SPEAKER_00: They bottomed out. Now they're accelerating. So we're starting to see this in some of my board meetings as well, where in 2022, everybody was missing their numbers and re-forecasting down. And then they would miss the re-forecast. So by 2023, the forecasts were very, very conservative. And I would say now I'm seeing companies beat the lower forecasts in Q4.
SPEAKER_00: This wasn't happening earlier in the year. But finally, I think people are starting to beat their lower forecasts for Q4.
SPEAKER_04: That's the question that I was curious about. What do you actually think is happening? Is that we've re-baselined these businesses. So now what would have looked like just a massive miss over the last two years now looks like a beat because we've just completely reset expectations. Is it that? Or is it that the economy is actually expanding and we can count on some reasonable growth rates?

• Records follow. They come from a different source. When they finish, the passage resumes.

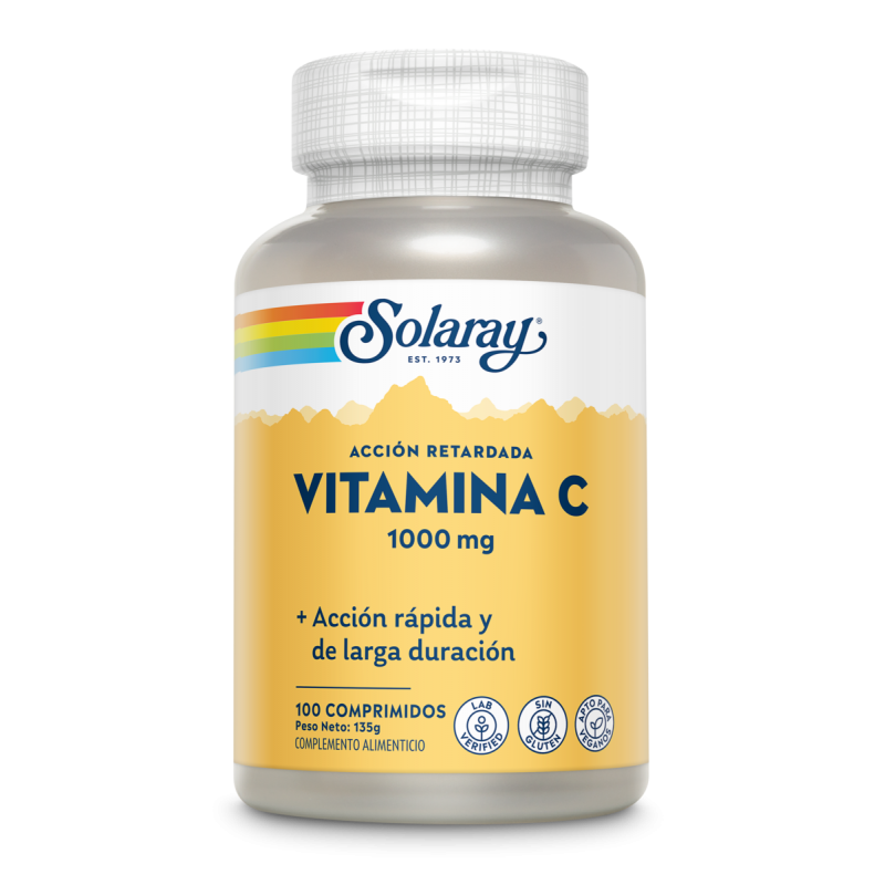Vit. C 1000 mg. A/R-100 comp. Apto para veganos. Sin gluten.
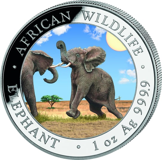 Die Münze besticht durch ihr einzigartiges Design. Auf der Vorderseite sind zwei Elefanten vor einer idyllischen afrikanischen Landschaft abgebildet. Die detailreiche Darstellung und die feine Colorierung machen diese Münze zu einem echten Blickfang. Auf der Rückseite der Münze ist das Staatswappen von Somalia abgebildet, was der Münze einen offiziellen Charakter verleiht.
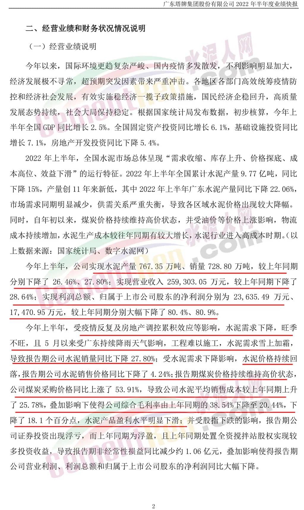 今年上半年,受疫情反复及房地产调控累积效应等影响,水泥需求下降,旺季不旺,且5月以来受广东持续降雨天气影响,工程难以施工,水泥需求雪上加霜,导致报告期公司水泥销量同比下降27.80%;受水泥需求下降影响,水泥价格持续回落,报告期公司水泥销售价格同比下降了4.24%;报告期煤炭价格持续维持高价状态,导致公司水泥平均销售成本较上年同期上升了25.78%。

Is it a combo of the two? What do you think it actually is?
SPEAKER_00: Yeah, I mean, it's definitely a new baseline in the sense that, and if you go back to 2020 or 2021, we considered good growth to be 2 to 3x year over year.
And now if it's going from 60% to 80% growth year over year, you're happy. So there's definitely been a lowering of expectations. That being said, you still see in these numbers there has been a bottoming out. And we're starting to now grow from this new baseline.
So for example, I think with Atlassian here, we are seeing an increase in spend basically in growth. So the way a recession is typically defined is two quarters of negative growth. We had six to seven quarters of decelerating or negative growth.
SPEAKER_06: In SaaS, in tech. In SaaS, which is why I called it the SaaS recession or B.
SPEAKER_00: Yeah, it was actually kind of a depression, you're right.
SPEAKER_00: But now we're seeing quarter over quarter growth. So growth is re-accelerating. Growth is higher than it was. So is it going to get to where it was? That probably will take some time. But it feels like the problems in the ecosystem work themselves out. And now we're back to growth again.
SPEAKER_06: Yeah, I can add psychologically because I'm on a couple of SaaS boards as well. And psychologically, it felt like you tell me if I'm right SaaS, if you saw the same thing. There were two years of calling up customers. And they were like, we're consolidating vendors. And by the way, we did a RIF. And so we need 20% less seats. So we're going to have 20% less SaaS companies that we're buying from. And we're going to have 20% less seats. So you start putting that all together. Man, everybody was just in psychological triage mode. We cannot spend money. I don't want to lose my job. So if you're a procurement person or you're the CTO, you don't want to lose your job. You don't want to have more cuts. So you're like, well, I can cut some software costs. Do I get points for that? And the points you would score for the last two years was cutting costs. With the market ripping and you now got a really efficient company, you're like, hey, can we spend a little bit on SaaS to make the remaining employees even more productive?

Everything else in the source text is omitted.